You probably think I have gone stale, but what the Colors of the Sea quilt was something I had promised my sister long ago, and this quilt is the quilt I had started when she first asked, and I cut enough for two, finished hers, and then mine languished – for years – before I got around to finishing it.
Size, fabrics – everything is identical, only the appliques and a little of the quilting differ:
This is not an original quilt, but I used shells for the borders instead of flowers, and used my own quilting ideas. I believe the most of the fabrics and the pattern were from a collection called Seaside Cottage by Moda.
I cut and pieced the quilt in Kuwait, appliqued and quilted in Doha, and did the binding and finishing hand quilting in Pensacola. Whew! It’s finished!
This was one of my very earliest quilts, and looking at it now, I am in total wonder at how carefully I worked on it.
This pattern itself, sometimes called Bethlehem Star, sometimes called Lone Star (and more names, these are just the two I could remember!) is very complicated for a beginner. I used Quilts Quilts Quilts! one of my all time favorite books, to guide me in the making.
Then, I drew and quilted a Seminole in the bottom left quadrant, my son’s name, year of graduation and degrees in the bottom right quadrant, and some autumn leaves in the upper quadrants. Looking at it 8 years later, I am impressed at how hard it must have been for me, but I chose to do it. Woooo Hooooo on me! And hand quilting on black! Imagine!
Bordered, of course, with my first efforts at Seminole piecing. It is at the same time attributable (I couldn’t have done it without the guidance of Quilts Quilts Quilts) and utterly original, with all the Seminole touches.
This was another Kimberly Einmo Mystery Quilt when we were all in the Rheinland Pfalz Quilt Guild. We gathered on a cold cold night, probably in January, and cut and stitched in the gathering room at the Ramstein North Chapel. Not only did we make great quilts, but we also had a potluck supper, great food. One of my earliest quilts.
This quilt began in a Mystery Night at Ramstein AFB, taught in 2002 (?) by Kimberly Einmo before her first book was published.
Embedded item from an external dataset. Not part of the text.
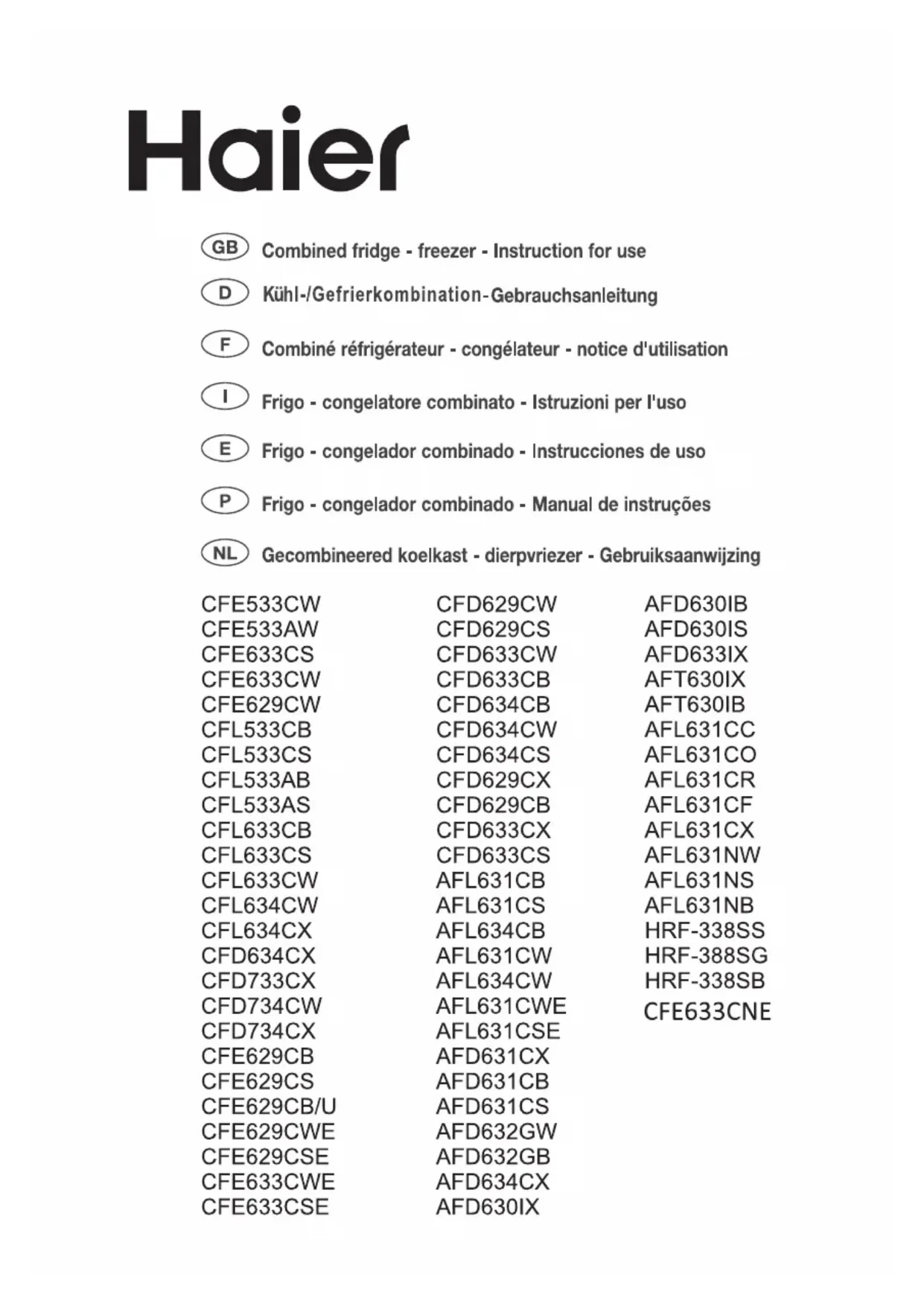 CFE633CWE - Réfrigérateur HAIER - Notice d'utilisation et mode d'emploi gratuit

Oh! We had so much fun, but making zillions of half square triangles was a chore.
The top went together quickly, but I had a photograph of a tombstone from when we visited Ireland, and I wanted to use it as a quilting motif in the white centers. I also found a Celtic border I liked, but it was very small, and I had to enlarge it over and over to get it to the proper size for my border.
The hand quilting took forever, partially because the white fabric was sort of rubbery, and hand quilting through it was tough. Aaarrgh! I didn’t finish hand quilting until I was back in the Kaiserslautern area for an emergency surgery, and had nothing to do by wait for my return flight to Doha and quilt!
My friend Shirley and I were bored, and we challenged one another to this quilt. We had the patternm by Mimi Shimp, but we both changed it dramatically – I wanted the blocks in the order they were sung, so enlarged them all to 18 x 18. We also used the beautiful duppioni silks readily available in Doha, and other more difficult fabrics.
The main motif was totally hand appliqued, but the minor motifs were machine appliqued.
We had given ourself 6 months to get the blocks finished, and another year to hand quilt the resulting top. The reality – after 2 1/2 years, I machine quilted the finished top just to get it done. I am not unhappy. I love this quilt, and I will hang it for one month every year, from December 6th – the Feast of St. Nicholas – until January 6th, the Feast of the Epiphany.